__What you are asked to do__
Reproduce what is written in the records below exactly, and leave out the images.

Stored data
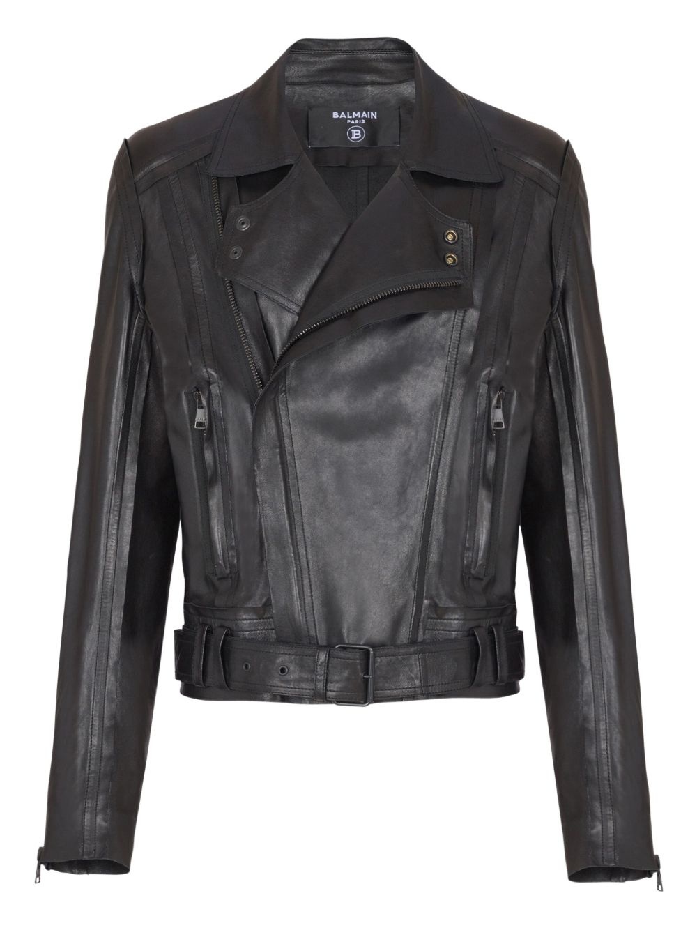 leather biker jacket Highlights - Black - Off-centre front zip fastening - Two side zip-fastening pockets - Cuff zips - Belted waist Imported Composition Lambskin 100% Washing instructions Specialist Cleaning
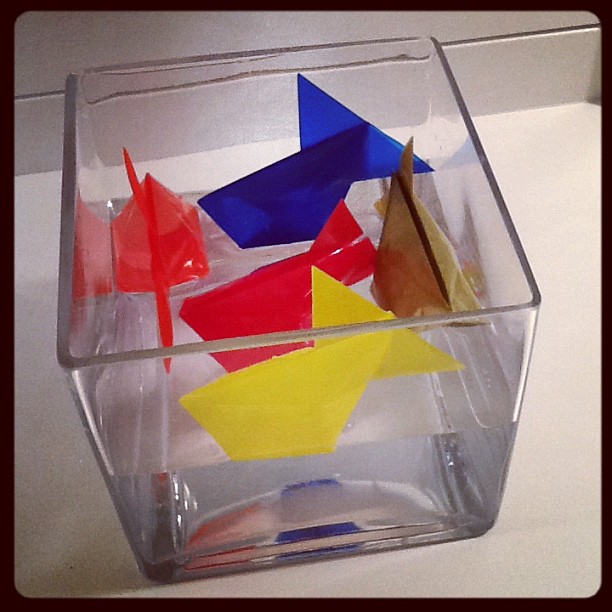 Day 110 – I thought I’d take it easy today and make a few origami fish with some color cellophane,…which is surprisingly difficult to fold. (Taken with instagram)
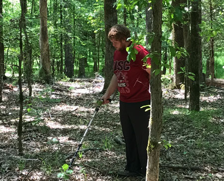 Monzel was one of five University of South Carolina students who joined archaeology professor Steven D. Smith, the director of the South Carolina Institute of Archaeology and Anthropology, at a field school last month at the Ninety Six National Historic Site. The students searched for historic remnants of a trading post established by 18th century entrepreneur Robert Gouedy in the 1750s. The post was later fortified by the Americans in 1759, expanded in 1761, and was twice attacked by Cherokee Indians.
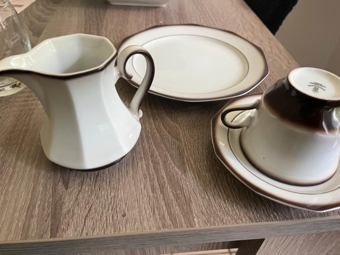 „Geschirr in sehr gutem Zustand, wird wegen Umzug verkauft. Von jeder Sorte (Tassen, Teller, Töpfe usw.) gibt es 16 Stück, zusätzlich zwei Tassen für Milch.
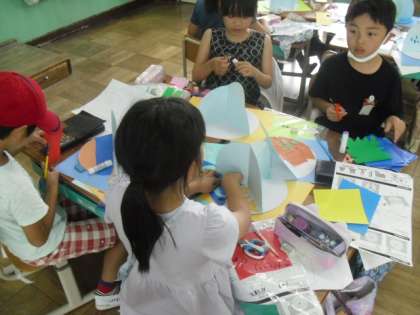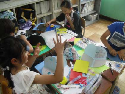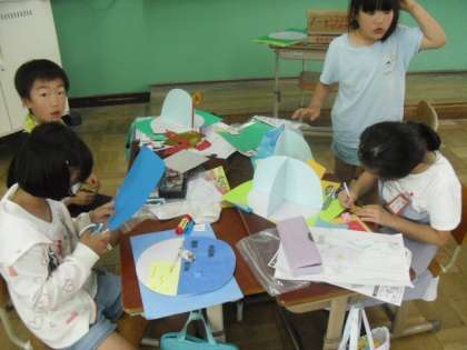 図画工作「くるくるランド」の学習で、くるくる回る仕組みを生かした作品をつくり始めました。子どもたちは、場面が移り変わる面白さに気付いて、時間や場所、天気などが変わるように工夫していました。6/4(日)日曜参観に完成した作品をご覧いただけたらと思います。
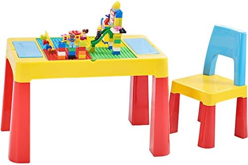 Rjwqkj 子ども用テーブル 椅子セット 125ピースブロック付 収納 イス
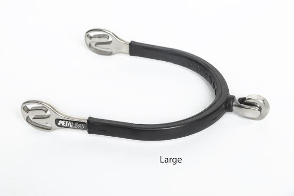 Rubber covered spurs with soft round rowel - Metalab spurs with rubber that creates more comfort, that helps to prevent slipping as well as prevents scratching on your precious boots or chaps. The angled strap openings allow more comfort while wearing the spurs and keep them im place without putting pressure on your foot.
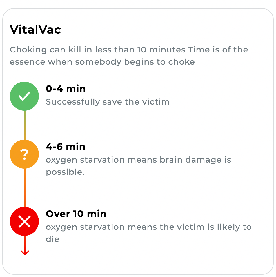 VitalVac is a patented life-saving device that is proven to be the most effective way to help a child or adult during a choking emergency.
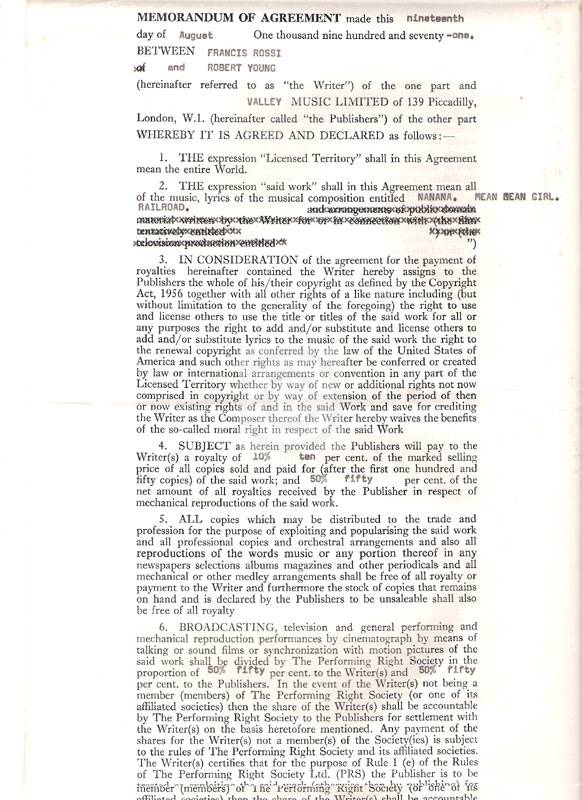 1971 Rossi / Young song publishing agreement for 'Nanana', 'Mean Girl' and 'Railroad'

__Result for this task__
 leather biker jacket Highlights - Black - Off-centre front zip fastening - Two side zip-fastening pockets - Cuff zips - Belted waist Imported Composition Lambskin 100% Washing instructions Specialist Cleaning
 Day 110 – I thought I’d take it easy today and make a few origami fish with some color cellophane,…which is surprisingly difficult to fold. (Taken with instagram)
 Monzel was one of five University of South Carolina students who joined archaeology professor Steven D. Smith, the director of the South Carolina Institute of Archaeology and Anthropology, at a field school last month at the Ninety Six National Historic Site. The students searched for historic remnants of a trading post established by 18th century entrepreneur Robert Gouedy in the 1750s. The post was later fortified by the Americans in 1759, expanded in 1761, and was twice attacked by Cherokee Indians.
 „Geschirr in sehr gutem Zustand, wird wegen Umzug verkauft. Von jeder Sorte (Tassen, Teller, Töpfe usw.) gibt es 16 Stück, zusätzlich zwei Tassen für Milch.
 図画工作「くるくるランド」の学習で、くるくる回る仕組みを生かした作品をつくり始めました。子どもたちは、場面が移り変わる面白さに気付いて、時間や場所、天気などが変わるように工夫していました。6/4(日)日曜参観に完成した作品をご覧いただけたらと思います。
 Rjwqkj 子ども用テーブル 椅子セット 125ピースブロック付 収納 イス
 Rubber covered spurs with soft round rowel - Metalab spurs with rubber that creates more comfort, that helps to prevent slipping as well as prevents scratching on your precious boots or chaps. The angled strap openings allow more comfort while wearing the spurs and keep them im place without putting pressure on your foot.
 VitalVac is a patented life-saving device that is proven to be the most effective way to help a child or adult during a choking emergency.
 1971 Rossi / Young song publishing agreement for 'Nanana', 'Mean Girl' and 'Railroad'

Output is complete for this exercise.